Aug 9 (Reuters) - Hong Kong shares closed lower, mirroring regional peers hurt by mounting tensions on the Korean peninsula, but property firms rose, encouraged by a spin-off plan by a local developer.
The Hang Seng index fell 0.4 percent to 27,757.09 points, easing off more than two-year highs hit on Tuesday, while the China Enterprises Index lost 1.1 percent to 10,962.60 points.
Developers performed strongly after Hong Kong-based conglomerate Wharf Holdings said that its unit Wharf Real Estate Investment Co Ltd would submit an application for a separate listing on the main board.

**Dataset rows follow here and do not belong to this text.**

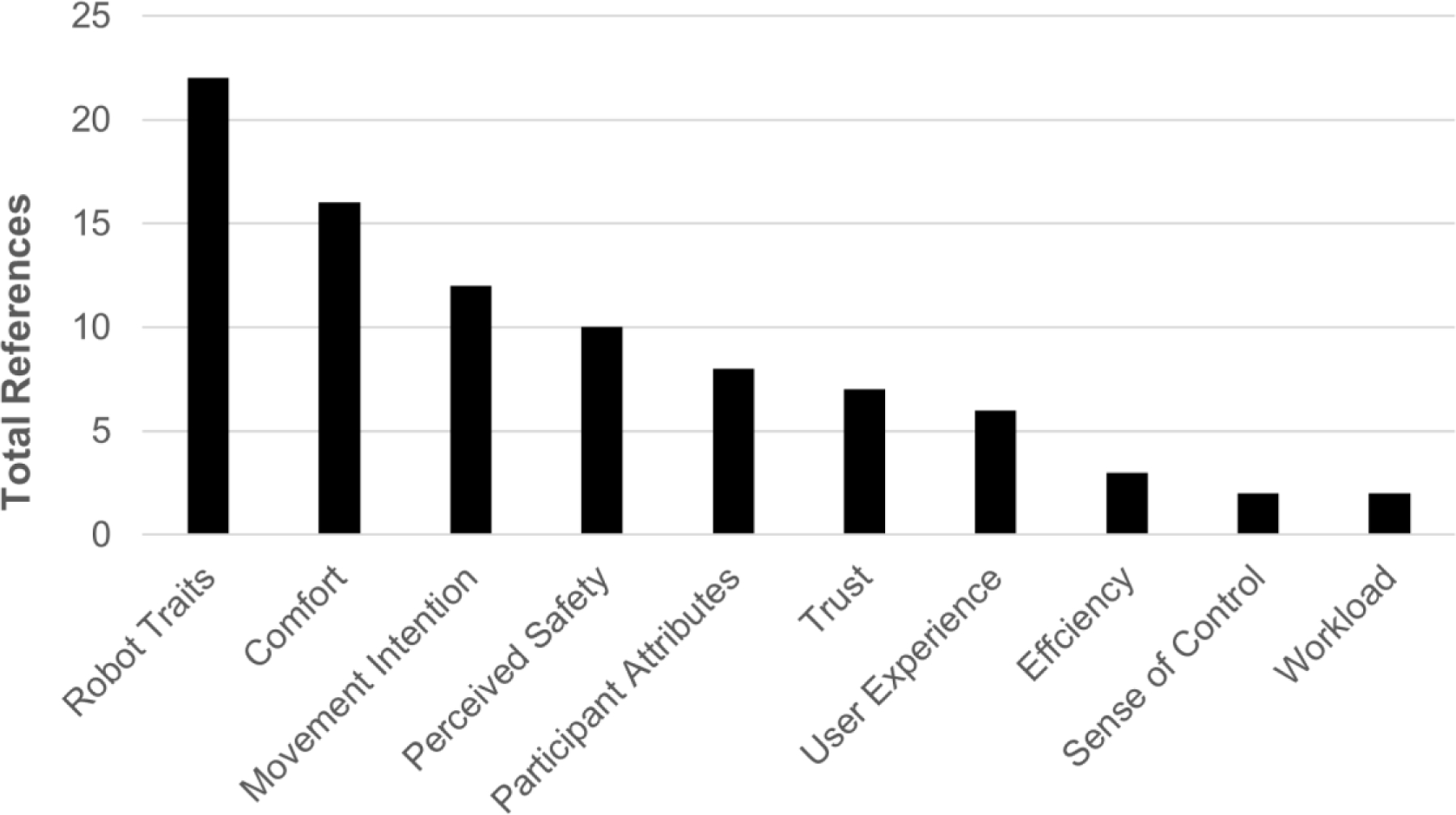 Almost all of the reported experiments were conducted in a controlled laboratory setting. There were 27 different types of autonomous mobile robots. Only two studies involved industrial mobile robots that were commercially available and could be implemented in an industrial environment. Most studies used questionnaires, with the most common topic relating to participant perceptions of various robot traits, while few directly evaluated perceived safety and trust using questionnaires. Behavioral and physiological assessment methods were used in 70 and 8% of the studies, respectively. Separation distance between the participant and robot was the most common behavioral assessment method. A variety of robot characteristics were found to have a significant effect on human perception of safety and other similar concepts.
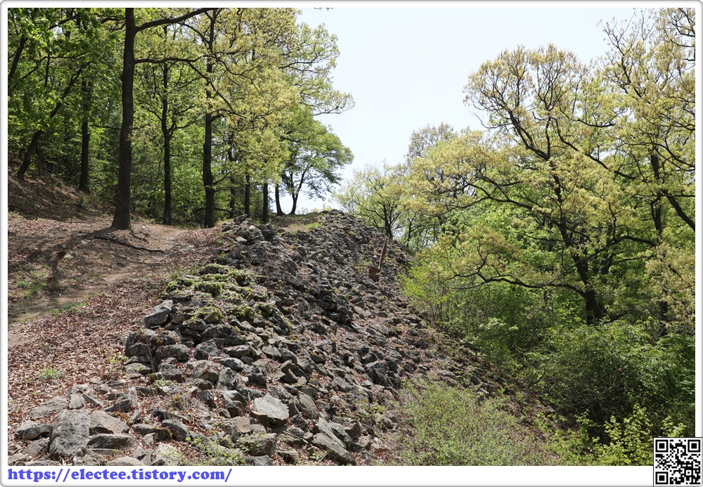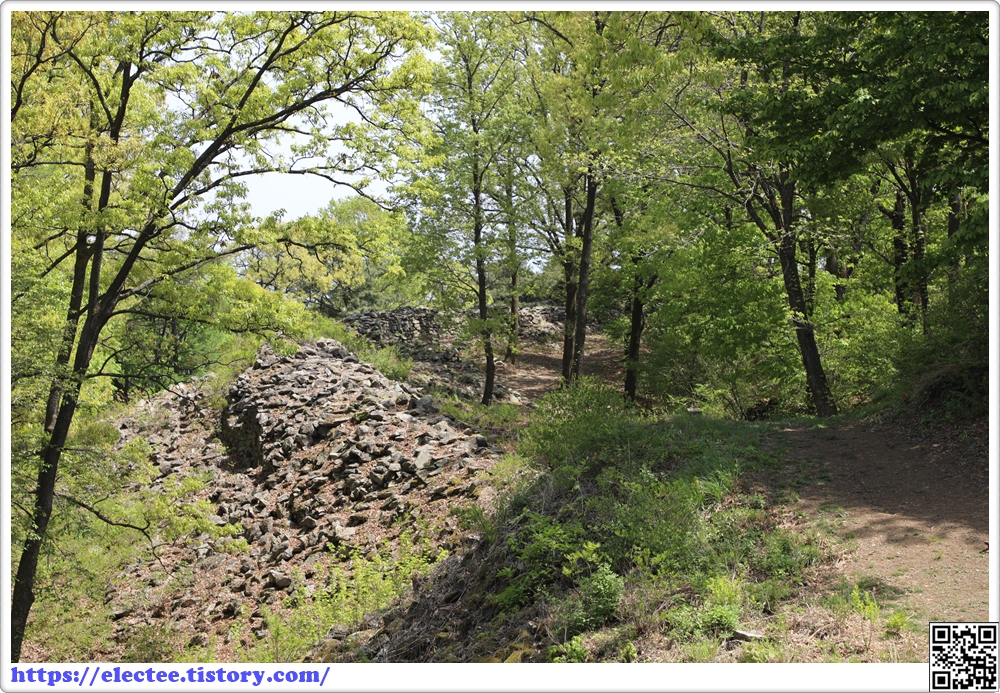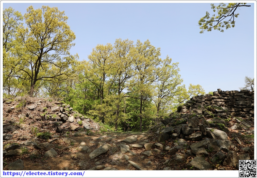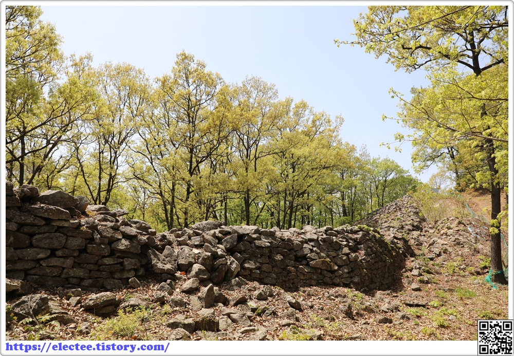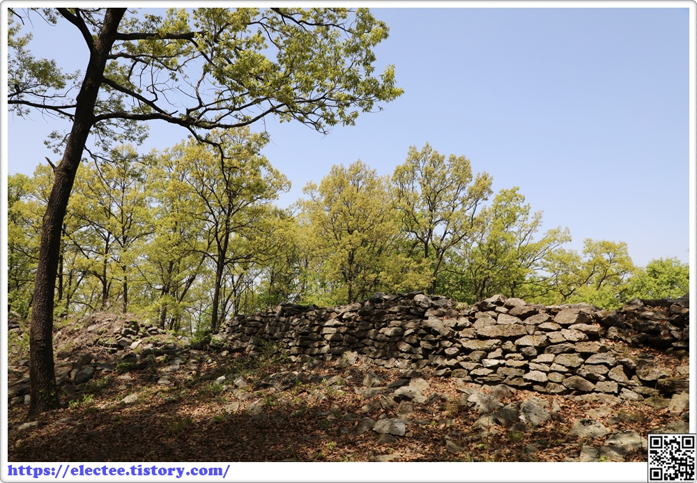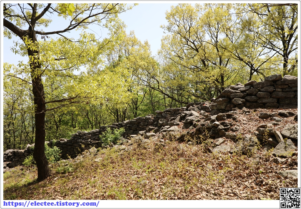 이곳은 무너진 석축 사이로 조금 온전한 형태로 남은 성벽이 보인다.
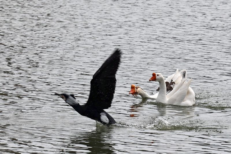 수면을 박차고 함차게 하늘로 날아오를 준비를 합니다.
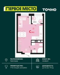 Продается квартира-студия в Жилом комплексе ''Родные просторы''!В квартире выполнена качественная предчистовая отделка: Выровненные и подготовленные для отделки финишными материалами стены — улучшенная штукатурка стен. Подготовленный к укладке покрытия пол — стяжка пола. Коммуникации, выведенные в специальных местах в санузлах и кухонной зоне. Металлические входные двери с внутренней фрезеровкой и 2 замками. Металлопластиковые окна с долговечной фурнитурой. Радиаторы со встроенными терморегуляторами. Гидроизоляция пола санузлов.Крутая комплексная застройка территории с развитой инфраструктурой - на территории комплекса расположены школа на 1550 мест, 3 детских сада на 800 мест, поликлиника и частные клиники. На первых этажах домов расположены коммерческие помещения. Дворы свободны от автомобилей. Для автовладельцев предусмотрено более 2000 мест на открытых парковках по периметру микрорайона, и многоуровневые крытые наземные паркинги. Большая часть микрорайона оборудована пешеходными зонами и благоустроенными придомовыми территориями со спортивными площадками и большими детскими игровыми пространствами. Вся инфраструктура района находится в пешей доступности и располагаться внутри микрорайона.Рядом трасса М-4 - удобный выезд в сторону моря!Звоните прямо сейчас и покупайте квартиру в классном жилом комплексе!
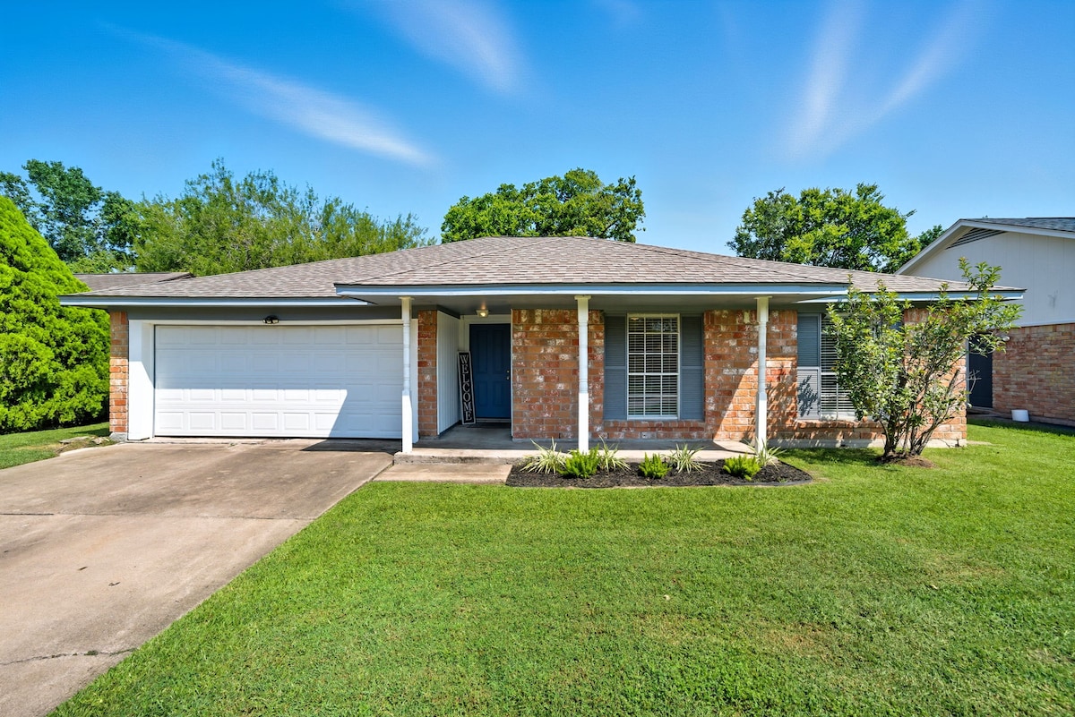 Esta gran casa recién reformada en los suburbios de Houston/Pasadena El patio trasero conduce al sendero para caminar/montar en bicicleta hasta Crenshaw Park, donde puedes caminar y ver estas increíbles puestas de sol. Sala de estar y comedor muy espaciosos. Tiene 3 dormitorios y 2 baños completos con bañera. El dormitorio principal tiene una cama tamaño king, baño privado y TV de 42 pulgadas. Cada dormitorio tiene TV de 42 pulgadas. Wifi gratuito, a pocos minutos del aeropuerto Hobby, cerca del Centro Espacial de la NASA, el paseo marítimo Kemah Boardwalk y Galveston. No se admiten mascotas ni se permite fumar.
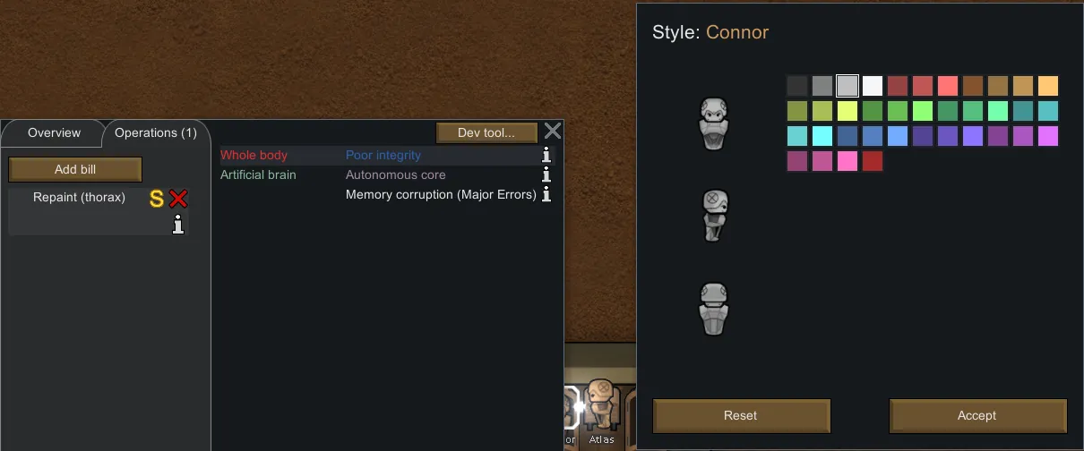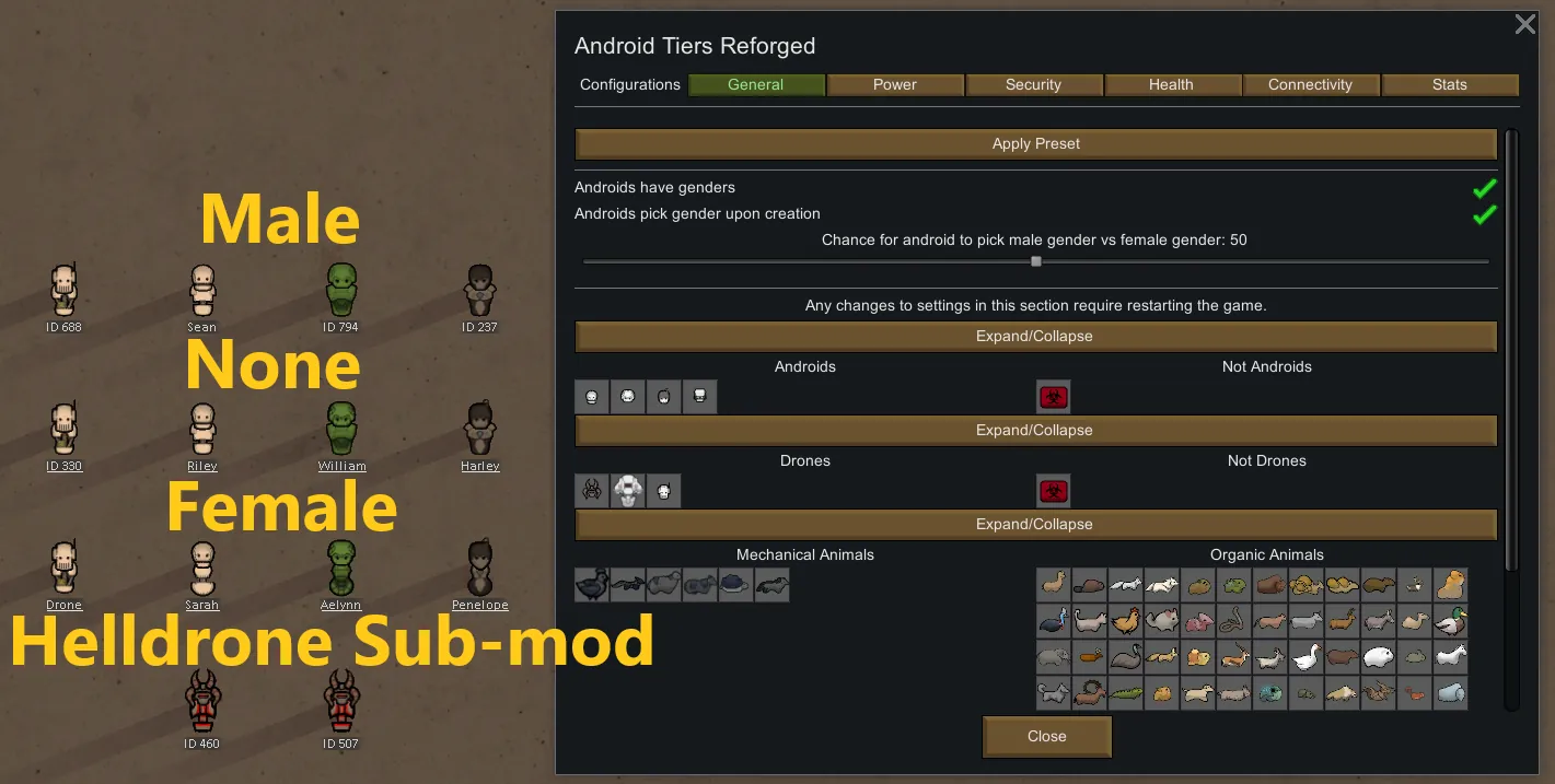 Android Tiers Reforged is a total rework of Atlas' and ARandomKiwi's works with the eventual goal to make mechanical colonists and animals as closely linked to RimWorld's core systems as possible while respecting many original mechanics of the mod. Improved performance, dynamic compatibility, and code formatting are key priorities, and the code has undergone a near-complete rewrite across the board to these ends.

Wharf leaped 14 percent higher while fellow developer Henderson Land Development Co ended up 2.6 percent.
Alex Wong, director at Ample Finance Group in Hong Kong, said that the market was upbeat about the Wharf spin-off. “This also pushed up other developers because people think if they do similar things then they will get revalued as well,” he said.
Tensions over North Korea, which battered stock markets in Japan and South Korea, were not as keenly felt in Hong Kong, Wong said.
Tencent Holdings, which succumbed to profit-taking in the morning session, ended the day up 0.5 percent at a third consecutive record high of HK$330.20.
Tencent’s rise has powered the Hang Seng index in recent days on investor optimism over the company’s second-quarter results, due Aug. 16. Tencent shares have risen nearly 70 percent this year.
The index measuring price differences between dual-listed companies in Shanghai and Hong Kong stood at 126.59.